Trustee Coleen Skornicka said that she had asked for the upgrade to archiving. She is currently the trustee representative on the IT committee, which consists of one trustee and three office staff.
“During the research of the emails, it was discovered that the email archiving does not archive as long as we need it to, and therefore they said there would be additional billing for that,” said Skornicka. “Since Council went ahead and approved up to $500 for this research, I went ahead and told them to put that on there for the archiving for October. They do bill in advance for November, and we can discuss it, but it was all discovered during this email investigation that the email archiving needs to go back further than what it currently does, so based on that, they sent this invoice out.”
There was some question as to if this purchase was part of the investigation, which Skornicka said it was not part of the investigation. Some members of council were concerned that this purchase was unauthorized.
“No trustee should be making any decision on payment or obligating the village for any expenditure without the approval of council or bring it to the village manager and allow him to use his authority for that,” said trustee Larry Hayden. “We did not approve changing our email contract, we approved expenditures for an investigation that is supposed to be handled by the IT committee, not an individual trustee. I have serious problems with how this is handled.”

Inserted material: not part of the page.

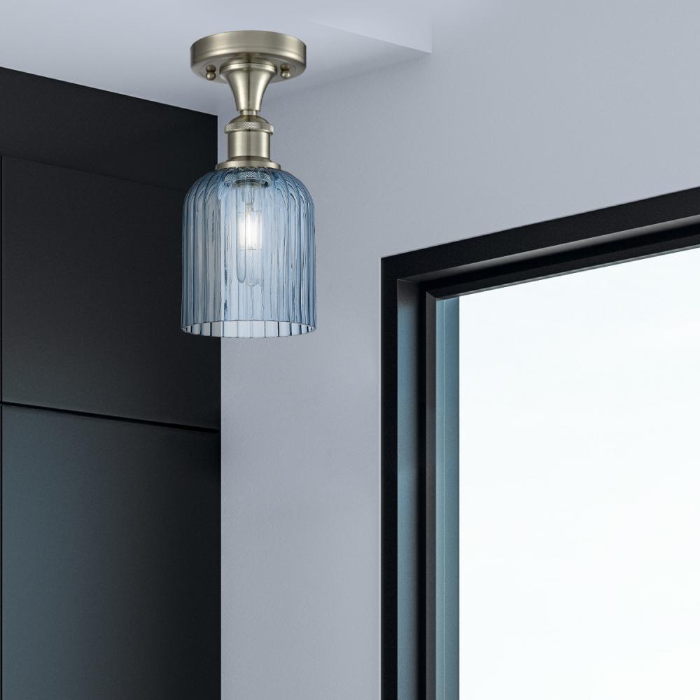 Bridal Veil - 1 Light - 5 inch - Brushed Satin Nickel - Princess Blue Shade - Semi-Flush Mount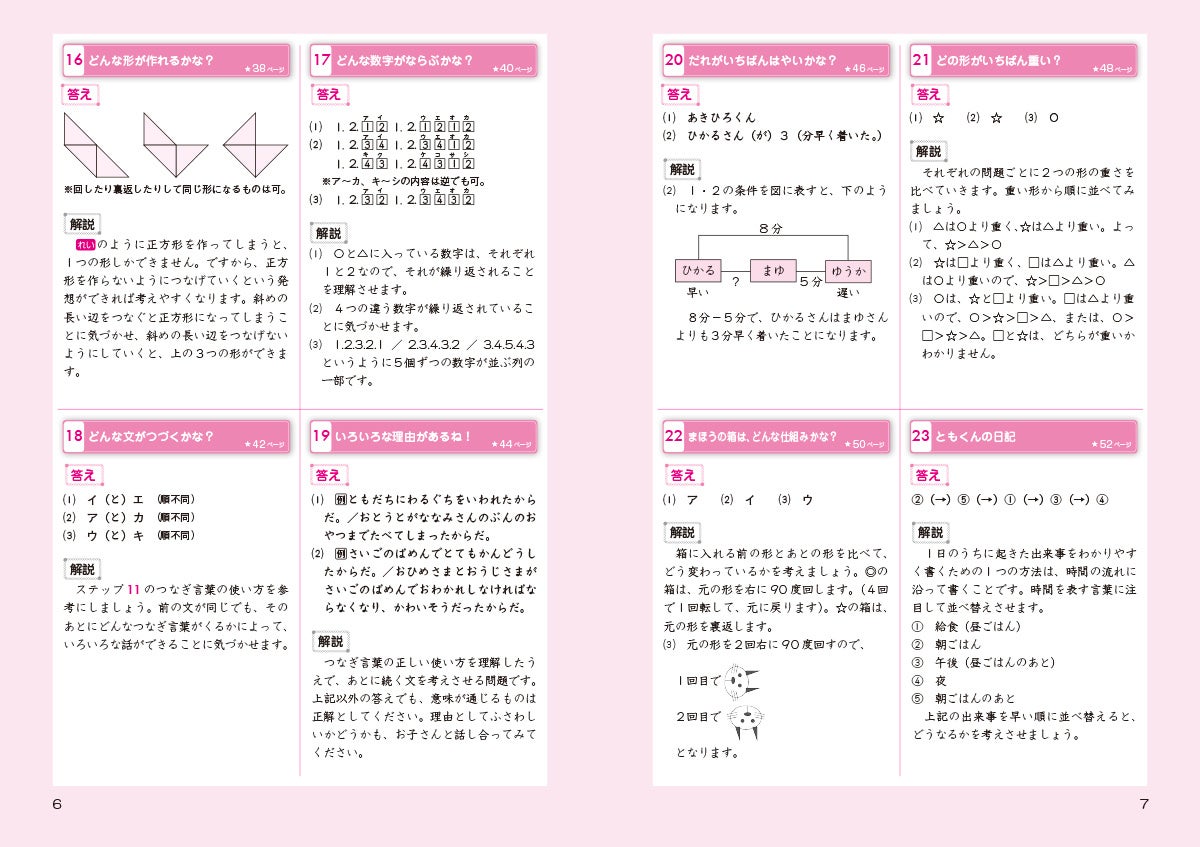 本書の解答には得点欄を設けていません。単に「正解」や「不正解」を示すのではなく、お子さまが「なぜそのように考えたのか」を重視することが、論理的思考力を育む第一歩です。おうちの方向けの丁寧な解説を参考にして、お子さまと一緒に考え方を話し合ってみてください。悩んだあとに考え方を理解し、「そうだったんだ!」と感動する瞬間が、学びへのモチベーションを高める手助けとなります。

Skornicka said that due to the investigation, which potentially involves the office staff, she did not discuss the purchase with them. While the method of the purchase was questioned, Stuart and the council agreed that the archiving need to go back further than two weeks.
“If we only had two weeks of archiving for our emails, I believe that is woefully inadequate,” said Stuart. “I believe we should have something longer than that just for research purposes.”